Infrastructure costs decreased by 42% compared to the previous year, while compute capacity expanded significantly. The auto-scaling configuration now handles peak loads exceeding 80,000 concurrent users without performance degradation. Database query performance improved by 92%, with 99th percentile transaction processing times under 500 milliseconds.

Development velocity increased dramatically with the new CI/CD pipeline. Deployment frequency rose from bi-weekly releases to an average of 15 daily deployments, with rollback capability consistently achieving recovery within 45 seconds. The microservices architecture enabled teams to deploy independently, reducing cross-team coordination overhead by 60%.

Metrics

Infrastructure cost reduction: 42%
System availability: 99.98%
API response time improvement: 85%
Deployment frequency: 15/day (up from 1/2 weeks)
Database performance: 92% faster queries
Mean time to recovery: 3.2 minutes
User capacity: 80,000 concurrent (up from 50,000)
Security compliance: Achieved SOC 2 Type II

Lessons Learned

Several key insights emerged during this complex migration. First, investing in comprehensive observability early pays dividends throughout the project. Our implementation of distributed tracing with X-Ray and custom CloudWatch dashboards enabled rapid debugging when issues arose during the dual-running phase.

Second, the importance of maintaining psychological safety within legacy system teams became evident. Including original developers in the migration process, rather than treating the legacy systems as purely technical debt to be eliminated, preserved institutional knowledge that proved invaluable for edge case scenarios.

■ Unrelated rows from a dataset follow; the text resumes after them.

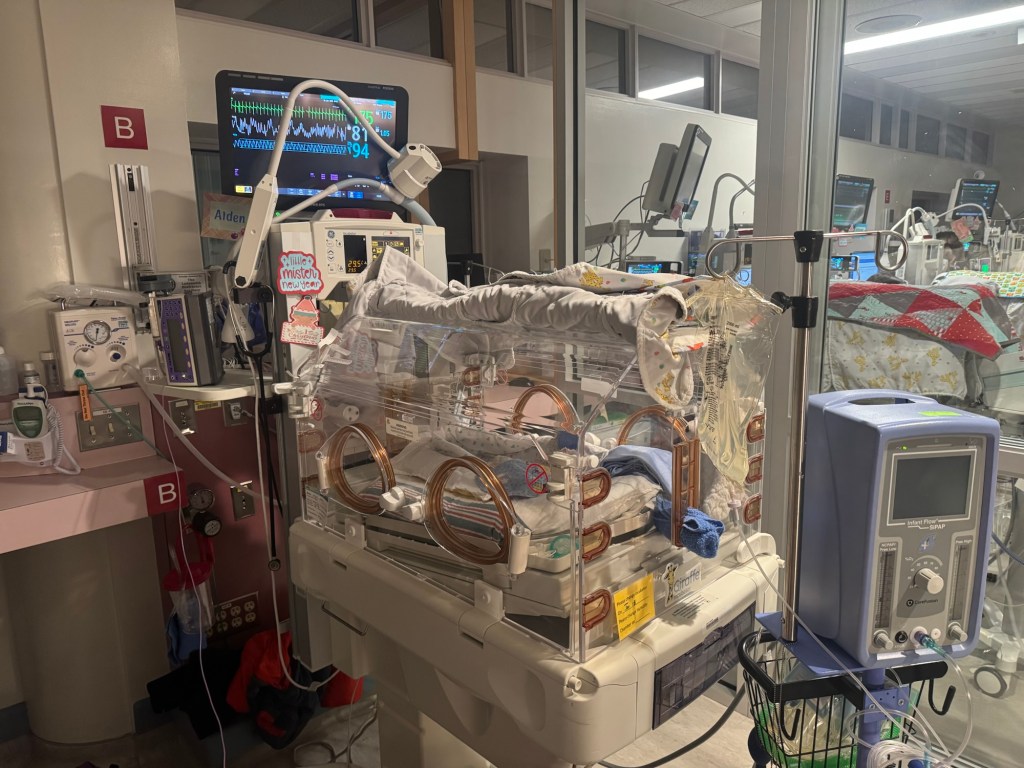 Then the next day… Aiden was good… but I fell apart. Its just been one thing after the next this week. BC Health orders bring back mask mandates. I come walking into the NICU and am handed a mask and told we have to wear them. I was in complete shock and instantly crumbled into a crying disaster. If there isn’t enough stress this was the last thing i needed to be added to the pile. I was absolutely devastated at the fact Aiden would not see my face for the next 2-3 months. When i looked into the incubator at him, he gave me this weird look back. He was just at the point of really starting to respond to our facial expressions and now that was stripped away. I am not joking when I say i sat there googling every possible alternative of where we could move to not have to wear a mask. I searched for in home NICU care – nope doesn’t exist. I looked up Alberta NICU’s. I know Aiden is suppose to be still in me and wouldn’t see my face usually, but he’s here, and he’s interacting with us and I was just heartbroken. After an immense amount of stress and crying a nurse came up to me and said, i just checked and confirmed – parents don’t need to wear masks, just staff! Wow was that a relief, but by this point I was so exhausted from the previous hour that I could just hardly process anything. George was sure excited for that news to, because he was so concerned i was going to make a snap decision about moving somewhere else, after finally getting settled here.
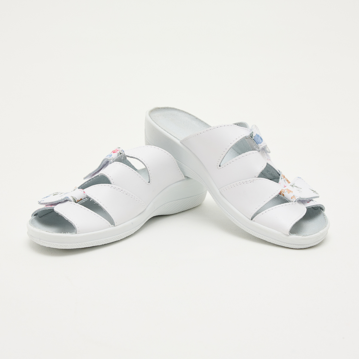Босоножки Стиль, белые с цветами
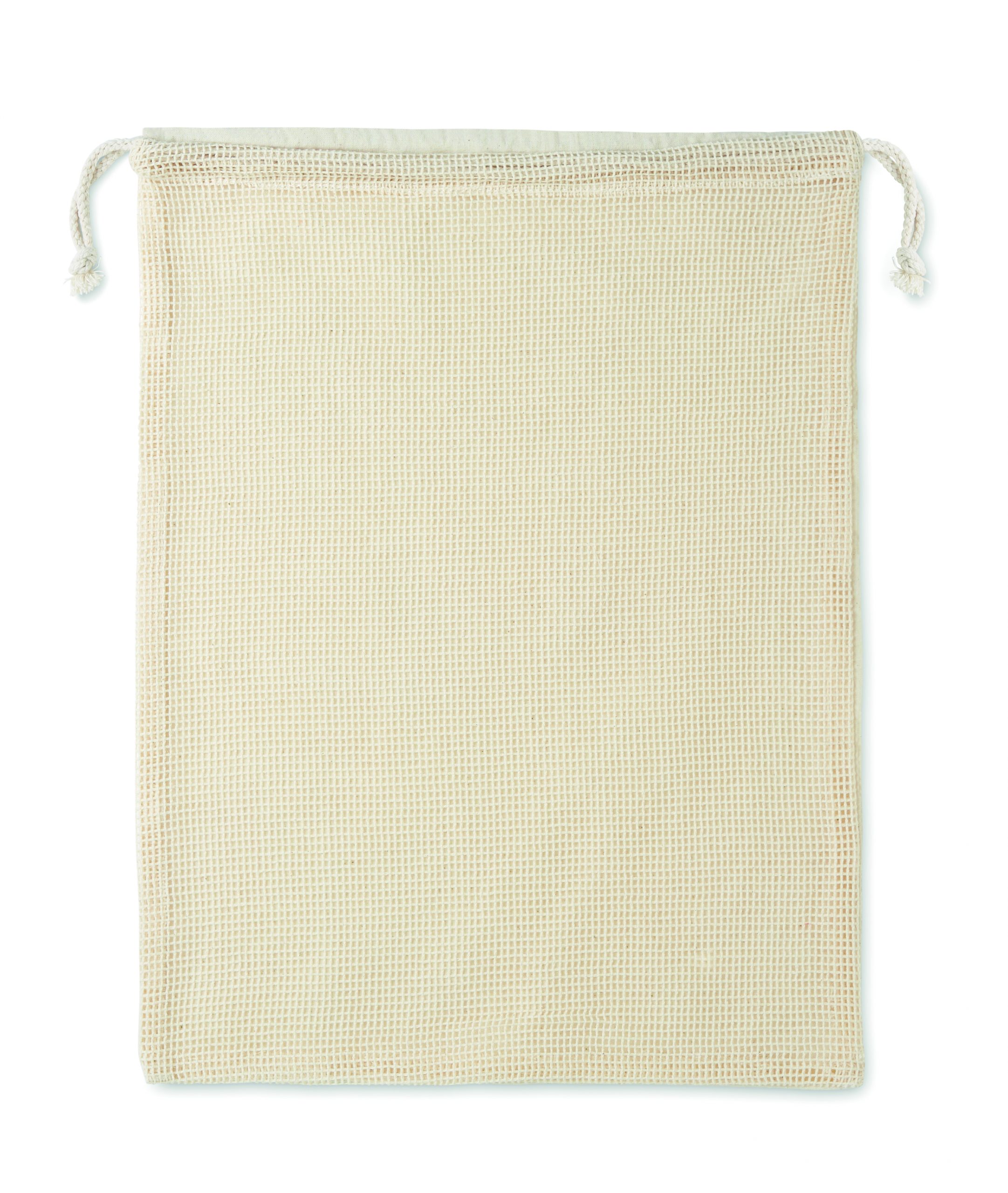 Filet à provisions réutilisable. Un côté est en coton (140gr/m²) et l’autre en filet de coton (110gr/m²). Fermeture par cordon.
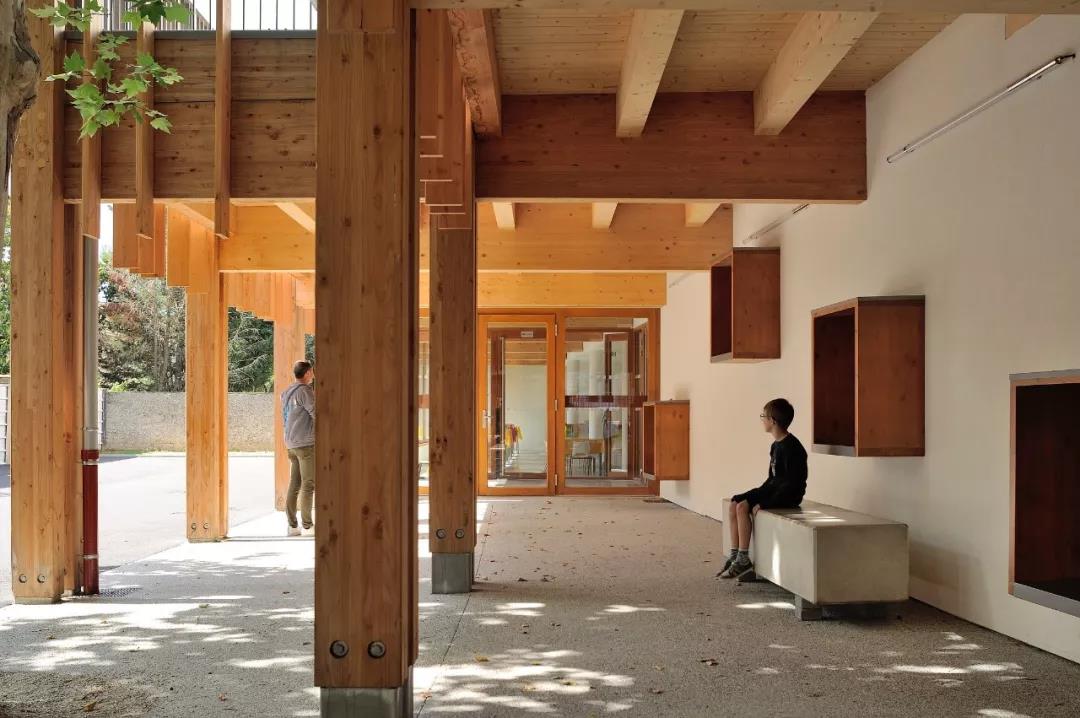 在院落一側,單層的木結構背靠夯土結構,提供了首層的有頂空間和二層平臺額外的戶外場地,在這里兒童可以在教師的陪同和監督進行各種教育活動。這也有助于緩解兒童休息時間里院落內的擁擠狀況。在兩棵懸鈴木的位置,建筑變形以避讓根系,同時又延伸入樹冠之下以享受樹蔭。建筑應用當地的實木,結構原則簡明,構件相互堆放,并置,疊加,如同兒童的搭建游戲,東側立面的豎向木構件發揮著遮陽板的作用。
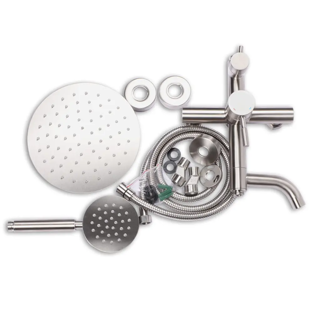 Шланг 150 см, ручна лійка, стельова лійка, чашки, ексцентрики, гумові прокладки, тримач для лійки
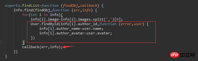 exports.findList=function (findObj,callback) { Info.find(findObj,function (err,info) { for(let i in info){ info[i].image=info[i].images.split(',')[0]; User.findById(info[i].author_id,function (error,user) { info[i].author_name=user.name; info[i].author_avatar=user.avatar; if(i==info.length-1){ callback(err,info); } }) } }) }
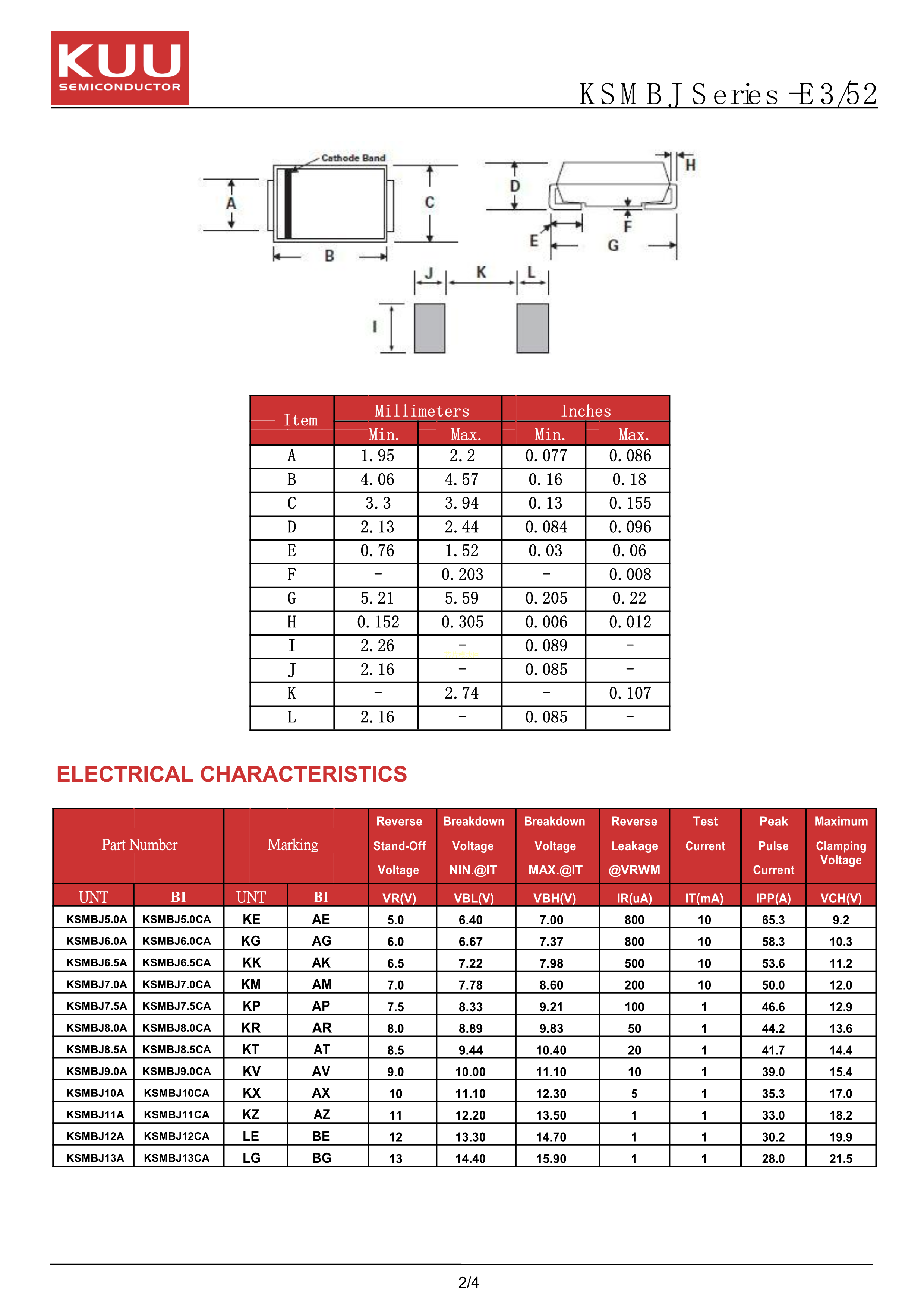 KSMBJ6.5CA-E3-52数据手册SMB封装KUUPDF规格书,中英文下载

Third, regulatory compliance cannot be retrofitted into cloud architectures. Early engagement with compliance stakeholders and iterative validation against requirements prevented costly rework in later phases. The automated compliance checking within our deployment pipeline now serves as a template for future projects.

Finally, the technical debt accumulated during hasty initial migrations can compound over time. Building in refactoring time during the migration process, rather than treating it as purely a lift-and-shift operation, resulted in cleaner, more maintainable systems that will serve the client well beyond the initial project scope.